Montag, 25. August 2025

Additive und subtraktive Veränderung

Manche Dinge ändern sich über die Zeit erstaunlich wenig. Vor genau 10 Jahren habe ich darüber geschrieben, dass (vor allem grosse) Unternehmen Prozessverbesserungen in erster Linie dadurch angehen, dass sie ihnen neue Regeln, Rollen und Liefergegenstände hinzufügen wollen - in vielen Fällen mit dem Ergebnis, dass sich alles eher verschlechtert als verbessert. Dieses kuriose Verhalten lässt sich nahezu überall beobachten - und mittlerweile auch erklären.


Im Artikel People systematically overlook subtractive changes veröffentlicht 2024 im Nature-Magazin haben die schwedischen und amerikanischen Wissenschaftler Joshua Juvrud, Laurence Myers und Pär Nyström  das Phänomen beschrieben, dass die meisten Menschen Verbesserungen vor allem durch das Hinzufügen von etwas (additive Veränderung) bewirken wollen, selbst wenn das Weglassen von etwas (subtraktive Veränderung) zu deutlich besseren Ergebnisse führen würde.
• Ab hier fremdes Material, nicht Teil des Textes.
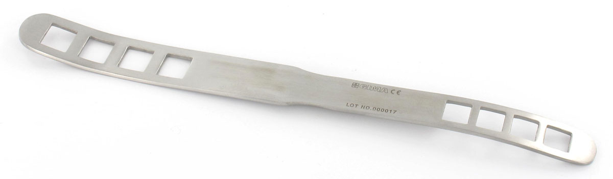 Bruenings fenestrated tongue depressor made of stainless steel.

Dabei beobachteten die erwähnten Forscher in ihren Untersuchungen nicht etwa, dass subtraktive Veränderungen kategorisch ausgeschlossen wurden. Vielmehr war es so, dass additive Veränderung den meisten untersuchten Menschen als die spontan naheliegendere Option erschien und unreflektiert gewählt wurde, während subtraktive Veränderung erst dann erwogen wurde, wenn additive Veränderungen ergebnislos, unmöglich oder offensichtlich unsinnig waren.


Dieses grundlegende Vernachlässigen subtraktiver Veränderungen (das so genannte Subtraction Neglect) war dabei abhängig von unterschiedlichen Faktoren unterschiedlich stark ausgeprägt. Zu ihnen gehörten neben der Art der Aufgabe auch Alter, sozialer Hintergrund und nationale, bzw. kulturelle Zugehörigkeit. Die zentrale Erkenntnis hierbei war, dass der Subtraction Neglect wenn nicht sogar durch Sozialisation erworben, dann zumindest deutlich von ihr geprägt ist.
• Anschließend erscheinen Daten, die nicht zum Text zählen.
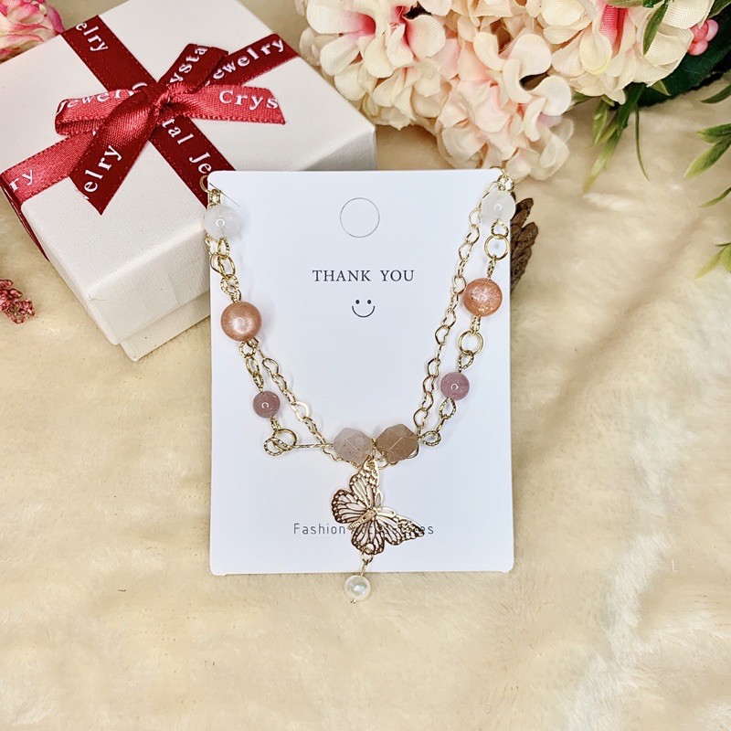 垂墜蝴蝶愛心雙層手鍊 水晶 18K 手作 免運

Und das bringt uns zurück zu den grossen Organisationen, die ihre Prozesse durch ständiges Hinzufügen weiterer Regeln, Rollen und Liefergegenstände immer stärker überladen und sie so verschlechtern, statt sie zu verbessern. Ausgehend von der erwähnten Forschung kann zunächst mit hoher Wahrscheinlichkeit davon ausgegangen werden, dass das in weiten Teilen auf das Phänomen des Subtraction Neglect zurückzuführen ist, es also unbewusste Ursachen hat.
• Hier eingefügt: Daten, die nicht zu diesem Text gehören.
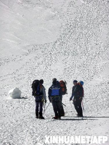 8月24日,在法國東部沙莫尼山谷勃朗峰法國一側的海拔3800米處,救援人員搜救雪崩事故的失蹤者。 新華社/法新

Gleichzeitig ermöglicht die Beeinflussung der Subtraction Neglect durch soziale Prägung aber auch ein Gegensteuern. Alleine das Bewusstmachen der subtraktiven Veränderung als möglicher Massnahme kann bereits zu einer besseren Optionenabwägung führen und eine Empfehlung sie anzuwenden kann das nochmal verstärken. Und wird dadurch sogar noch ein Erfolg erzielt, kann sich sogar die Grundeinstellung ändern, auch das geht aus der erwähnten Forschung hervor.